J:  I apologize in advance for my negative commentary on this post, but this was most definitely the worst day for me on the trail.  My feet were still throbbing and oozing puss in the morning, so the day started out with a bit of panic about how I would get through the day of hiking ahead.  Since I really didn’t have any choice, I did the best I could to stay positive and started the process of bandaging up my feet to get them to fit into my shoes.  I had a lengthy process of applying antiseptic, band-aids, leukotape, toe socks, and my fancy new camouflage gaiters to keep the dirt out. That process took about 30-40 minutes every morning, so it was taking a bit longer to get up and out and start hiking.


the one and only Marie Lake, looking north from Selden Pass

So anyway, the day started off as most of them would from here on out – with an incline up and over a pass, and then some downhill. The goal at this point was to get the passes mounted in the morning, as they are all quite exposed, and an afternoon thunderstorm while going over a pass is not a situation you want to be in. Since we can’t really check the weather daily, it’s important to always be prepared for inclement weather. So typically, you position yourself as close as you can to the pass the night before and start your day with a nice, swift kick in the ass on the incline.
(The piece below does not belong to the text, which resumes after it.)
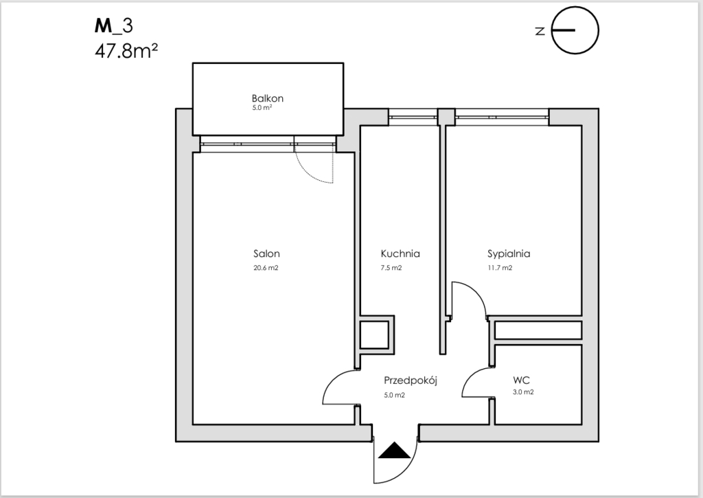 - przestronny salon (ok. 20 m²) z wyjściem na balkon (ok. 5 m²),
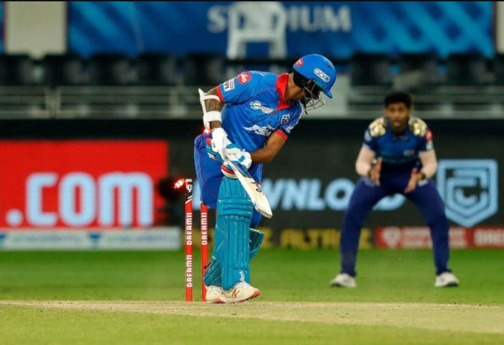 Delhi Capitals (DC) got off to a nightmarish start while chasing a huge target of 201 runs in the ongoing first Qualifier against teh defending champions Mumbai Indians (MI) at the Dubai International Cricket Stadium, on Thursday. Mumbai’s pace bowlers – Trent Boult and Jasprit Bumrah – wreaked havoc by scalping four wickets in as many overs including teh likes of, Shikhar Dhawan, Ajinkya Rahane, and Shreyas Iyer.

The incline this morning, however, was totally manageable. We camped at 10,550 feet (the highest so far), so getting up to 10,900 wasn’t too difficult and before we knew it, we were already crossing over Selden Pass. We didn’t spend too much time here, but made sure to turn around and appreciate the views north – a few pictures and one last longing gaze at Marie Lakes and we were on our way.

J:  Some day I would like to get back to Marie Lakes without battered feet. This was one of my favorite campsites of the trip (if I hadn’t been in so much pain).  There was a gorgeous sunset and the stars were amazing here, too.  I think it was one of my favorite late night pee breaks and I almost thanked Heather for snoring loud enough to wake me up…almost.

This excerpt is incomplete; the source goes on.